President-elect Donald Trump’s reactionary and often early-morning tweets send the media, the markets and global relations into a frenzy. South Korea has even gone so far as designating a ‘Twitter Officer’ to monitor the president-elect’s feed.
But what if it all stopped? Not the tweeting, but the coverage.
“I have this dream,” MSNBC host Joy Reid explained to Dean Obeidallah Friday. “In which all of the media get together as a consortium, now that we’re dealing with this authoritarian guy who isn’t going to work with the press in a traditional way, and they say, ‘look, we’re all going to agree that we will black out Donald Trump’s tweets, let’s say, for a week. Starve him of the thing he needs most, which is free publicity.'”
“He’s literally is like a machine that feeds on attention and publicity.”
Obeidallah compared the media’s coverage of Trump’s tweeting to the likes of the Kardashians, where every little moment puts the press into overdrive.
“Right now, the media follows every tweet. Donald Trump tweets and it’s like Pavlov’s dog and they start salivating and they start covering it,” Obeidallah said.
Trump has not held a press conference since July, shortly after he accepted the Republican party nomination in Cleveland. And this lack of access granted to the press has given the tweets more value.
“The problem is he doesn’t have to do a press conference because we slavishly read everything he tweets,” Reid added.
“If we for a week said ‘well we’re not going to cover anything you say unless you say it in a press conference then literally we won’t put you on TV unless you do it in front of us, unless you come to us, we won’t put you on TV.’ If the media did that for a week, Dean, he’d do a press conference.”
And while Trump has scheduled his first press conference as president-elect for Wednesday, it’s taking place during a particularly chaotic time — one day after President Obama’s primetime farewell address, in the midst of Congressional hearings on cabinet nominations and barely a week before inauguration.
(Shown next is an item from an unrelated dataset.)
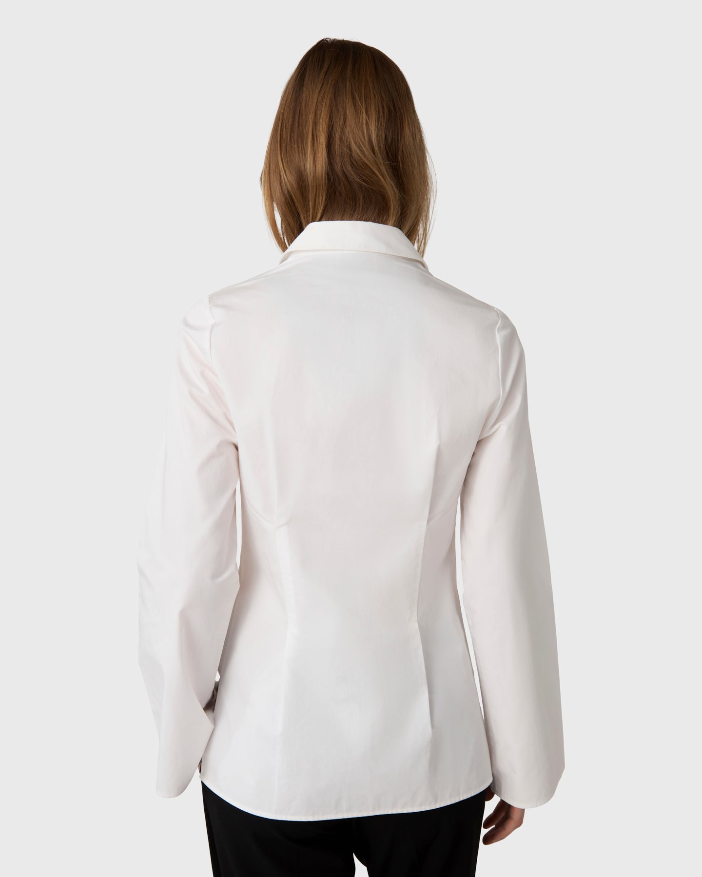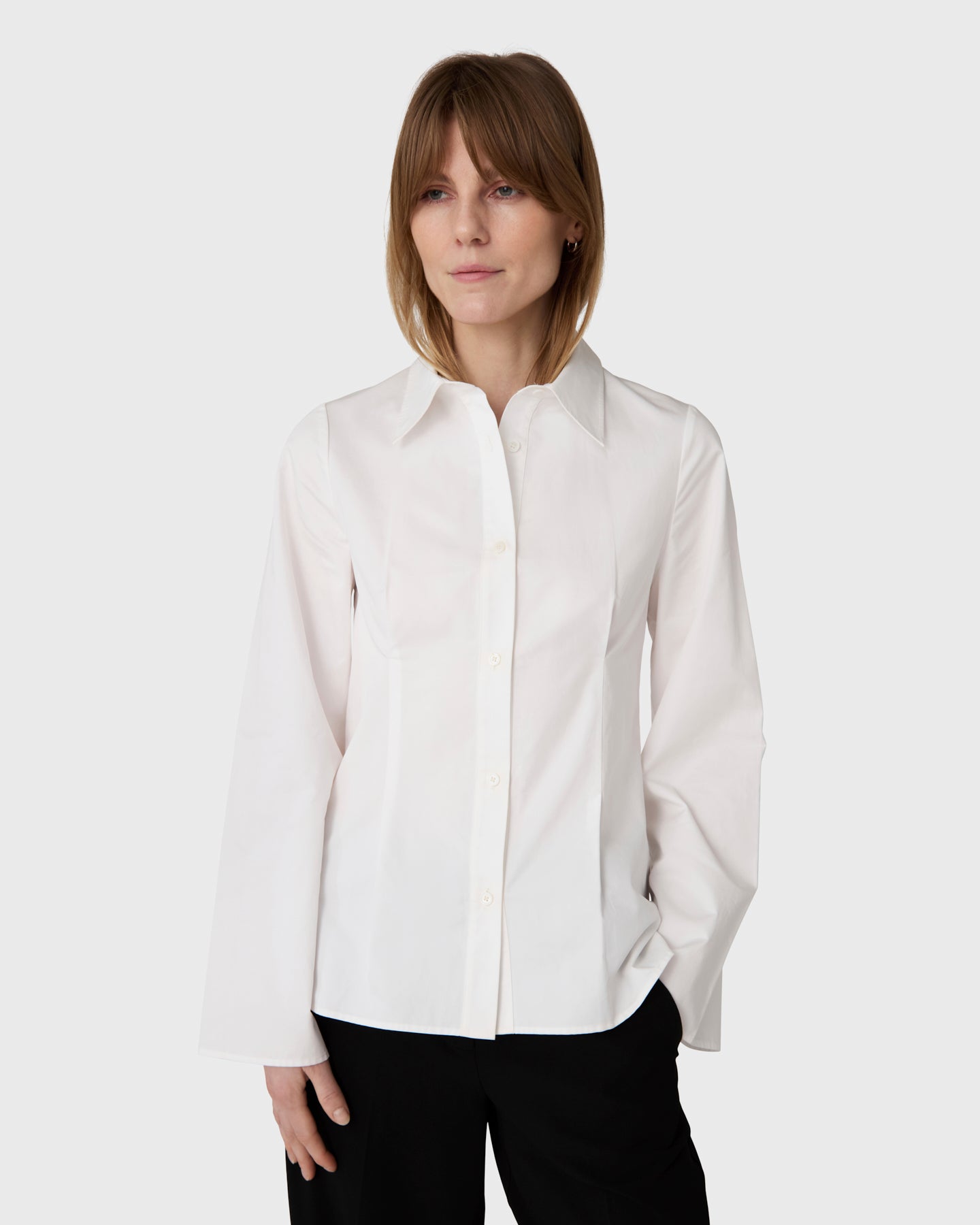 The Aurelie Cotton Shirt is a fitted cotton shirt with wide sleeves, creating a timeless, feminine silhouette. Wear on its own or styled with tailoring.

Although Trump has refused to speak directly to the press himself, he’s sent surrogates to the various networks as a representative for himself and his administration. However, as Obeidallah explained, these appearances have generated “a sense he’s not telling anyone anything,”
“He’s contradicting them to the point where Sean Spicer or Kellyanne Conway is losing their credibility,” Reid said. “Because they keep going – sticking their neck out and saying ‘he believes X’ and then he tweets and contradicts them and says ‘no, I’m saying Y.’ So since he’s undermining his own people, at this point, they’re credibility is at stake.”
“We need to have confidence that when they’re speaking to us they speak for him,” she added.
Reid said it ultimately comes down to the decisions of hosts and networks to choose how to cover this new administration.
“The only thing we have left is our airwaves and our choices,” Reid concluded. “And if the media were to all get together and say ‘you know what, until you give a press conference, we’re not going to read anything you say for a week.’ Try it for a week, and see what happens.”